Start of Block

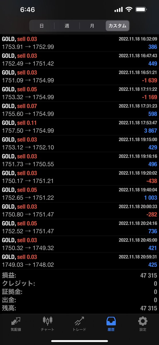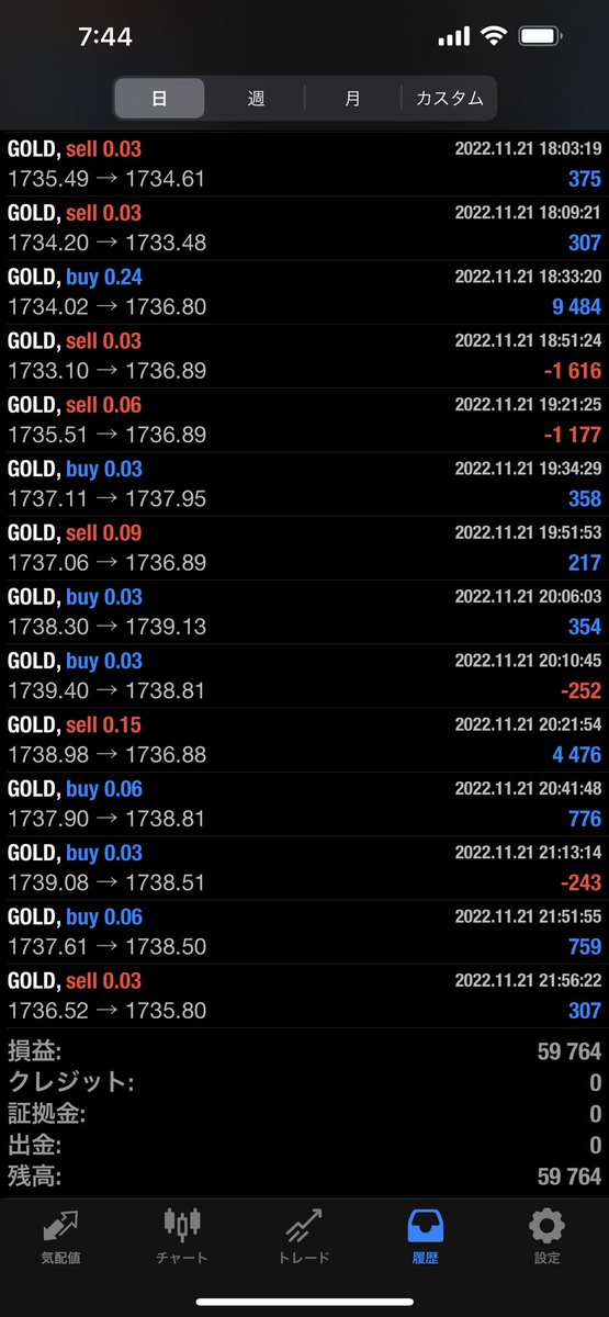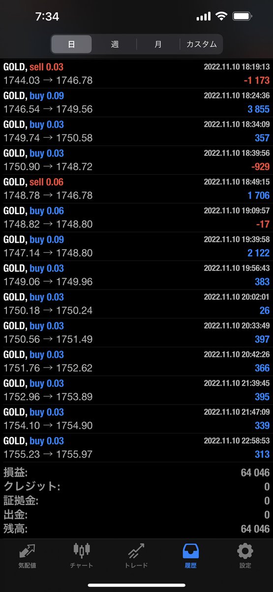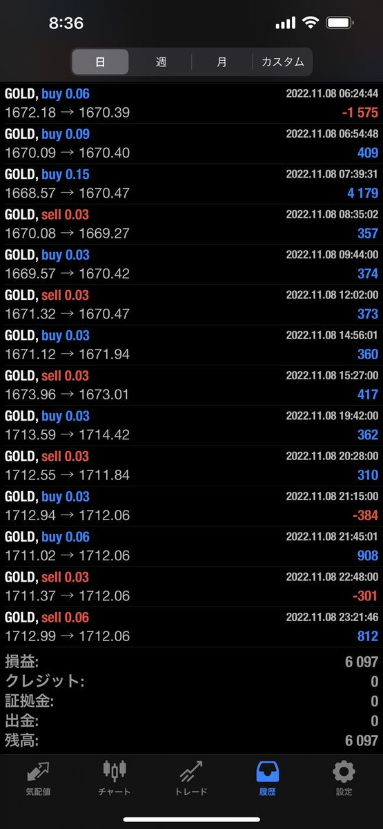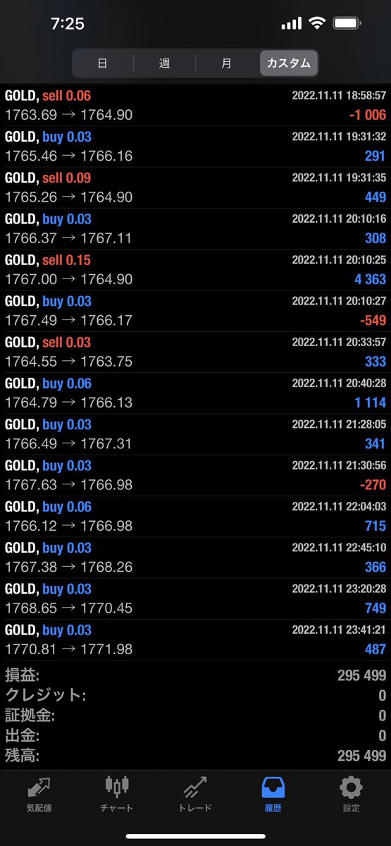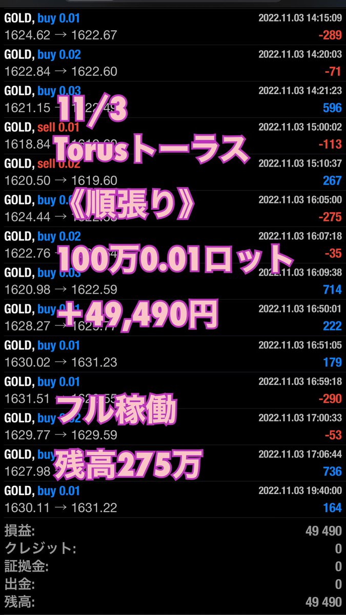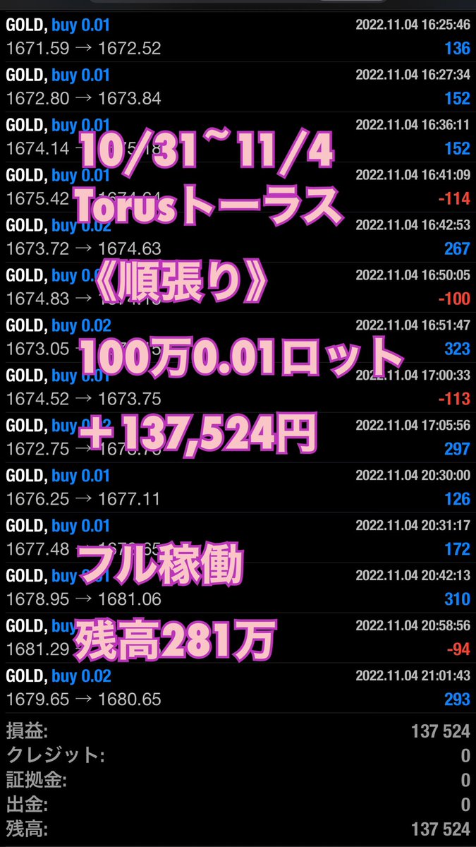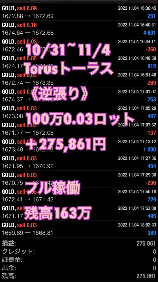 先週の米国中間選挙ゴールド500pips暴騰もフル稼働で生き残ってます😆✨👍
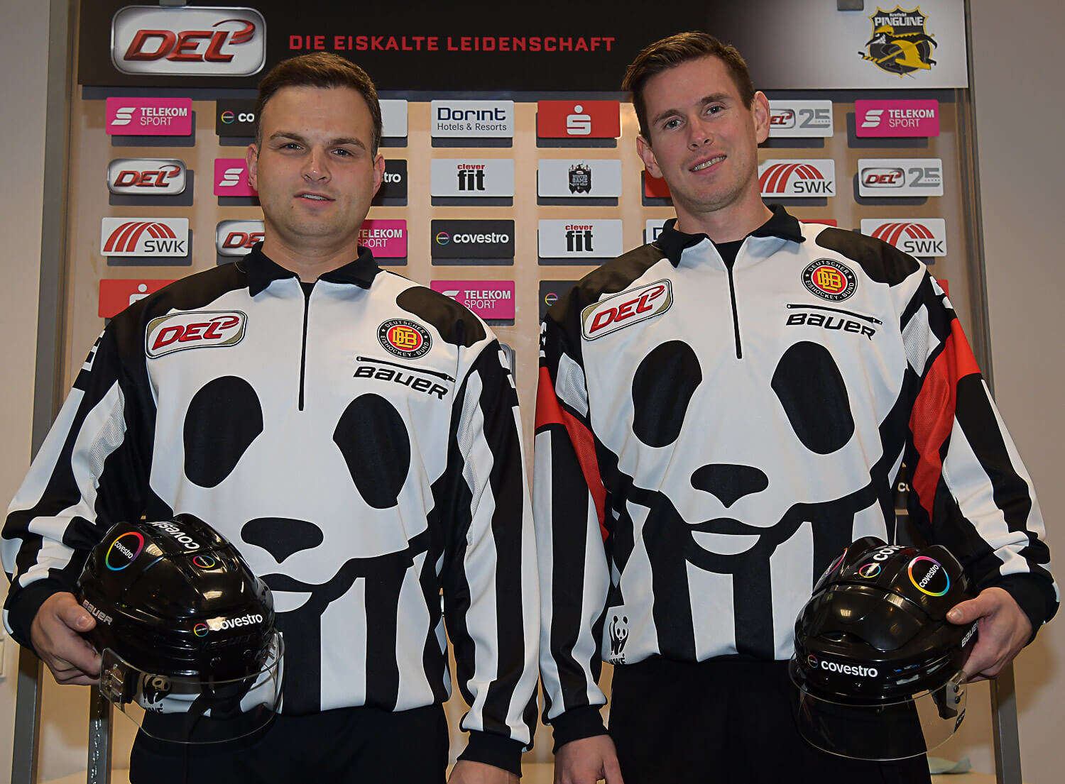 Andreas Kowert und Marc Iwert präsentieren das neue Trikot der Schiedsrichter (Foto: DEL/Christoph Jürgens)
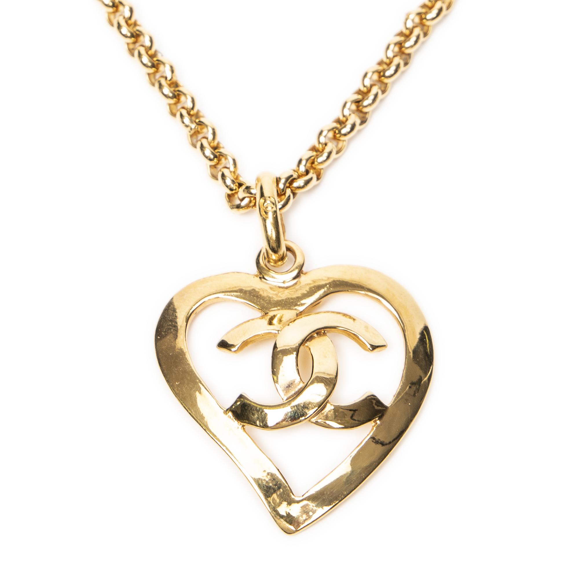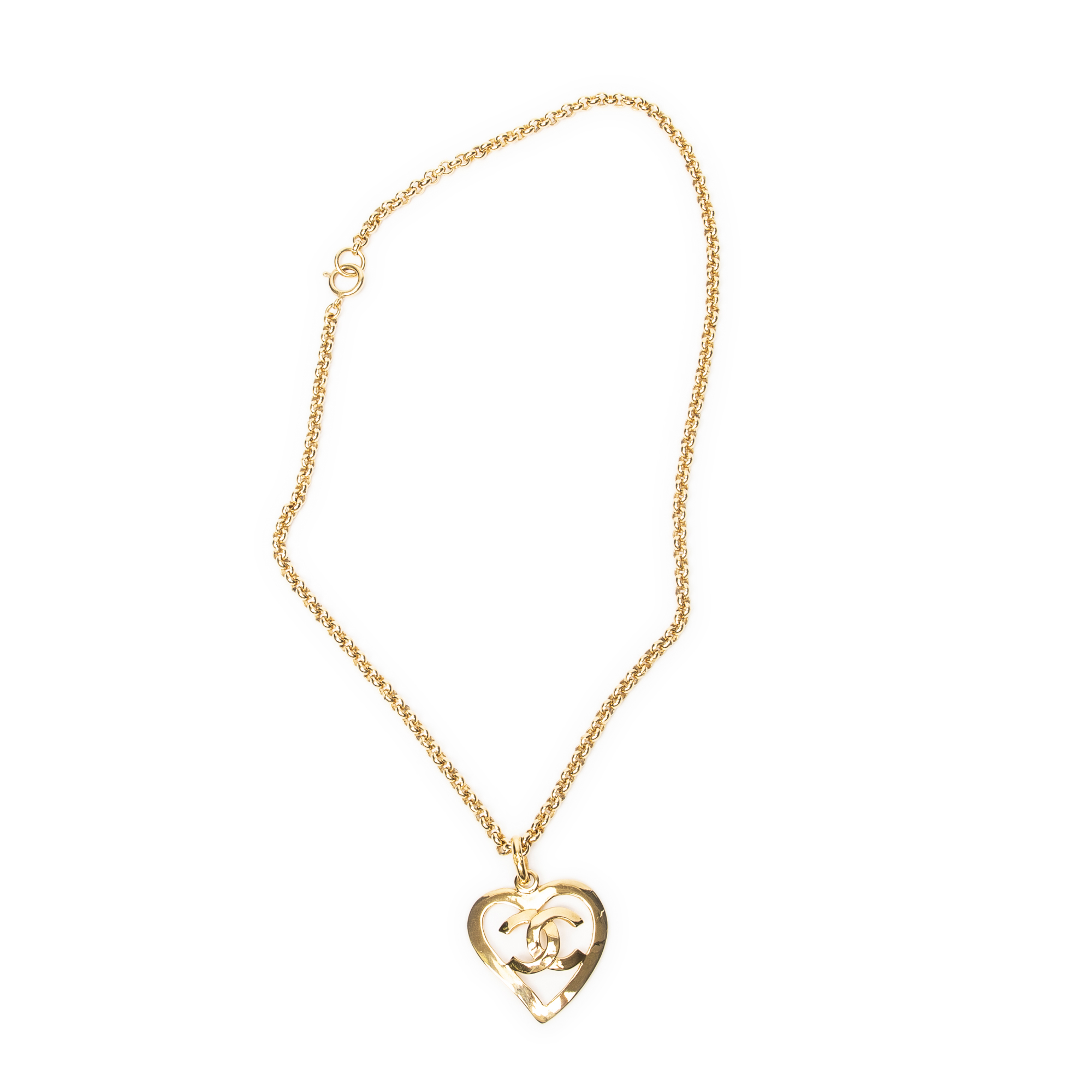 Chanel Necklace CC Heart Pendant Chain Necklace in Gold Gold Plated and Gold Plated hardware. The product is in Excellent Condition (A).
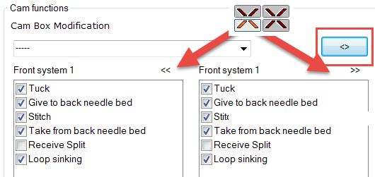 tuck in front(G)= holding-deep and rear stitch(A)- You can configure system functions according to the carriage direction.
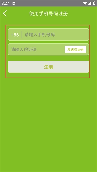 3、进入“使用号码注册”页面后,先输入号码,接着点击【发送验证码】并填写收到的验证码,最后点击【注册】按钮,即可完成账号注册。
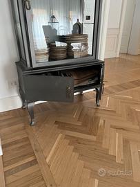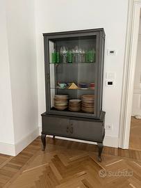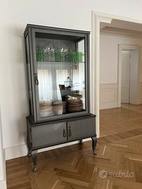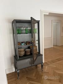 Credenza antica Art Déco/anni '50 vintage con 2 ante sotto e unica anta a vetro sopra con due ripiani in vetro. Struttura grigio antracite, maniglie/chiavi d’orate Misure: 92x44. Altezza 175
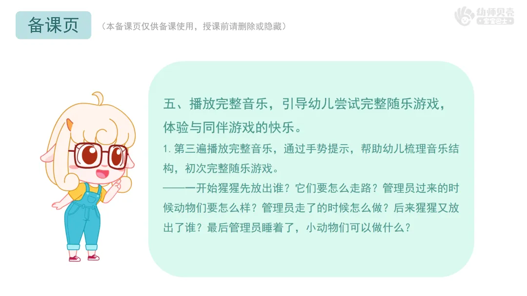 ——现在请一个小朋友扮演猩猩,放出小动物们悄悄走,助教老师扮演管理员,跟着音乐一起来试试看吧。
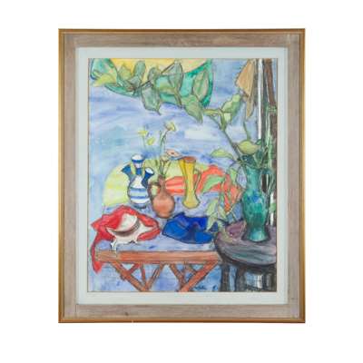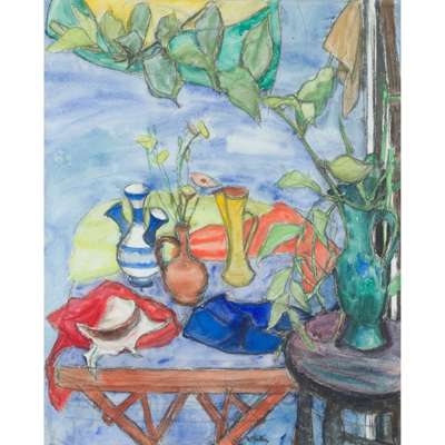 STILL LIFE WITH SOLOMON'S SEAL ON BLUE GROUND
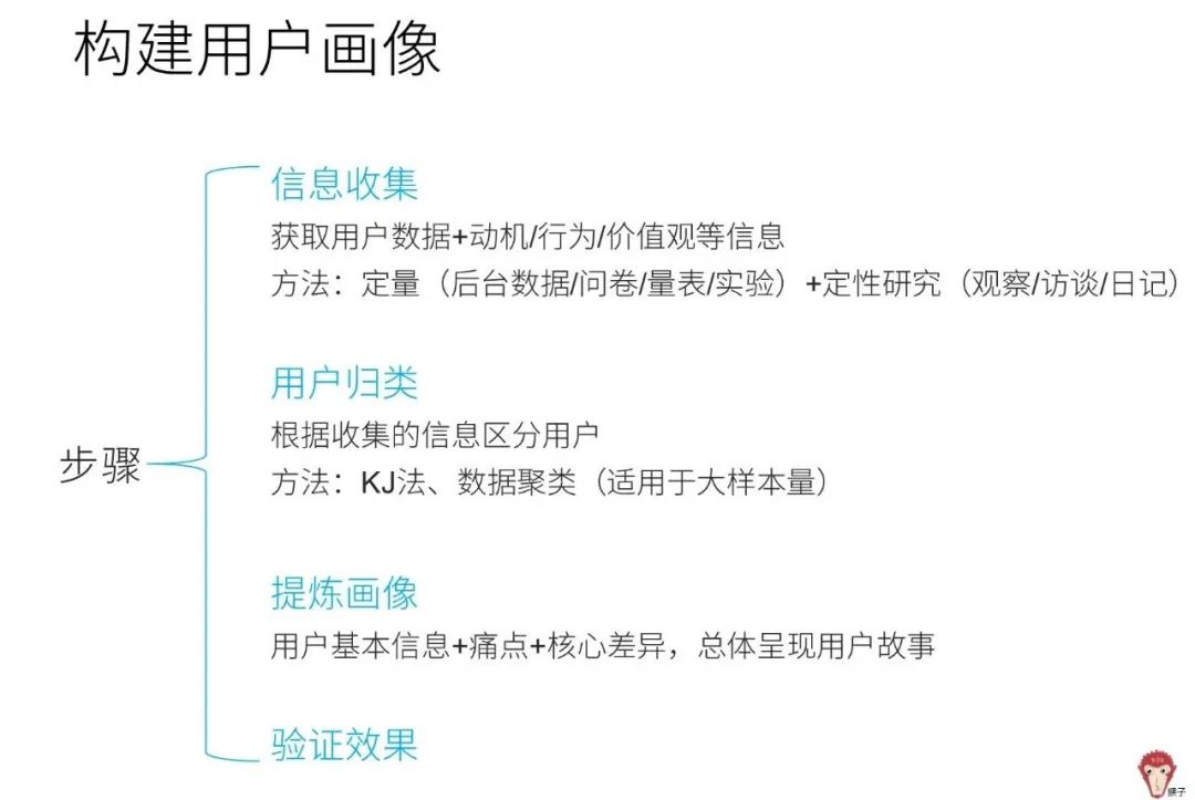 构建用户画像需要首先通过定性+定量调研,获得目标用户数据及信息;

End of Block

TASK PROMPT:
Starting at the line that holds "Chanel Necklace CC", retype every line through the end of the data, both ends included. Pictures stay out of the copy.

WRITTEN SOLUTION:
 Chanel Necklace CC Heart Pendant Chain Necklace in Gold Gold Plated and Gold Plated hardware. The product is in Excellent Condition (A).
 tuck in front(G)= holding-deep and rear stitch(A)- You can configure system functions according to the carriage direction.
 3、进入“使用号码注册”页面后,先输入号码,接着点击【发送验证码】并填写收到的验证码,最后点击【注册】按钮,即可完成账号注册。
 Credenza antica Art Déco/anni '50 vintage con 2 ante sotto e unica anta a vetro sopra con due ripiani in vetro. Struttura grigio antracite, maniglie/chiavi d’orate Misure: 92x44. Altezza 175
 ——现在请一个小朋友扮演猩猩,放出小动物们悄悄走,助教老师扮演管理员,跟着音乐一起来试试看吧。
 STILL LIFE WITH SOLOMON'S SEAL ON BLUE GROUND
 构建用户画像需要首先通过定性+定量调研,获得目标用户数据及信息;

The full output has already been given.